Wednesday, March 31, 2010

Holy Week in the Philippines

Philippines is the only predominantly Christian country in Asia. It’s been said that approximately 85% of its citizens are Christian (which mostly Roman Catholic), 10% Muslim and 5% other religions.

Our country is also known as the “nation that greatly values religious traditions” — one of this is the Holy Week (“Mahal na Araw”). We, Filipinos, are known for our solemn celebration for this religious festivity. Because it is our way of renewing our relationship with God and it is commonly regarded as the season of “repentance” and “mending of immoral living”.

Holy Week is the last week of Lent, (which is a Catholic tradition which is the period of the liturgical year leading up to the Easter). This includes: “Palm Sunday”, “Maundy Thursday”, “Good Friday”, “Holy Saturday” and “Easter Sunday”.

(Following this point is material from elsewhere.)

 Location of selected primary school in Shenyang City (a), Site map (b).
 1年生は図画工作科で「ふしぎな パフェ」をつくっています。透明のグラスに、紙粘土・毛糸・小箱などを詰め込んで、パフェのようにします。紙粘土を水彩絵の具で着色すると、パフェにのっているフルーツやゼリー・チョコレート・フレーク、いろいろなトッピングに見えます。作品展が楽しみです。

It is a week-long period in which several practices are done in different places of the country in commemorating the passion and death as well as the resurrection of Jesus Christ.
The week from Holy Monday to Good Friday is an emotional packed religious ceremony that reminisced Jesus’ most cherished traditions. The Easter Sunday is the glorious celebration of ‘Salubong”.

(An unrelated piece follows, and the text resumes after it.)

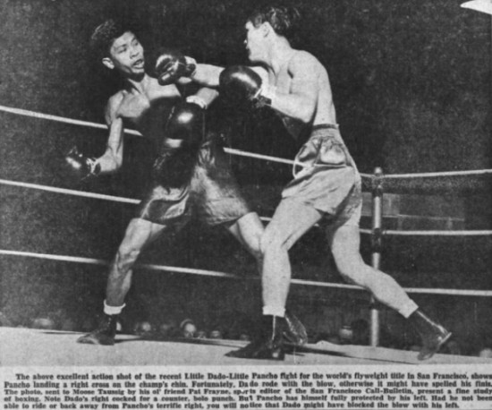 Photo: Little Dado–Little Pancho world flyweight title fight. Pancho lands a right cross. (Honolulu Star-Advertiser, Jul 1, 1940) The last championship bout here was the Little Dado–Little Pancho draw at the San Francisco Civic Auditorium (now the Bill Graham Civic) on June 17, 1940.

Holy Week’s activities include:


  • Public Flagellations — are the reenactment of the torture and death of Christ, wherein flagellants scourge themselves.

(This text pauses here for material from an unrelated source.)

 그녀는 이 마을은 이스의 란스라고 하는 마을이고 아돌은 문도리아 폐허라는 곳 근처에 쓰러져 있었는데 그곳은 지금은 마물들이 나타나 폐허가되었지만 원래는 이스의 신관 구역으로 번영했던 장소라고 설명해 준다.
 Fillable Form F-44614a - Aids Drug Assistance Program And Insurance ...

    This is done by stripping themselves naked from their waist up then walking barefooted under a midday sun and then flagging themselves bloodily with ropes. They do this as a means of atonement of their sins. It is a sort of retribution of their offenses and human weaknesses for past favor such as after going through some crisis or danger in their lives. This is commonly practiced in the provinces of Pampanga, Tarlac, Rizal and practically all over the Tagalog region.
  • Pabasa — is a family affair with the cooperation of relatives and neighbors. It is done 24-hours without sleep within the 7-days of singing and reading the “Pasyon”, (the chanting or recitation of the bible verses describing the passion of Christ).
  • Senakulo — the reenactment of the passion of Christ.
  • Siete Palabras — is the reading of the “7 Last Words” in all radio stations throughout the nation and is sponsored by religious groups
  • Visita Iglesia — is the practice of Catholic believers to visit 7 different churches (if possible 14) representing the “Station of the Cross”
  • Salubong — the pre-dawn masses which reenact the Risen Jesus Christ that is meeting up with His mother, (the Blessed Virgin Mary) at the church patio under a specially prepared arch. An angel then descends from the platform and lifts the mourning veil of the grieving Mother amidst the pealing of bells. The procession of the two images then ends up inside the church and masses are said.



4 comments:

MinnieRunner said...

You missed the Station of the Cross in your list?

i@иn℮™ said...

nothing compares to Philippine Holy Week Celebration:DD

ur_gurLNxtdOor said...

@MinnieRunner: visita iglesia and stations of the cross, aren't they the same? akala ko part na un ng station of the cross...

@i@иn℮™: hi there...yeah..i agree with you...nothing compares to our country's holy week celebration..

happy easter to you both. godbless ^_^

MinnieRunner said...

Nope. Visita Iglesia is done every Maundy Thursday where you will visit 9 (?) churches. Station of the Cross is done on Good Fridays remembering Jesus' Way of the Cross.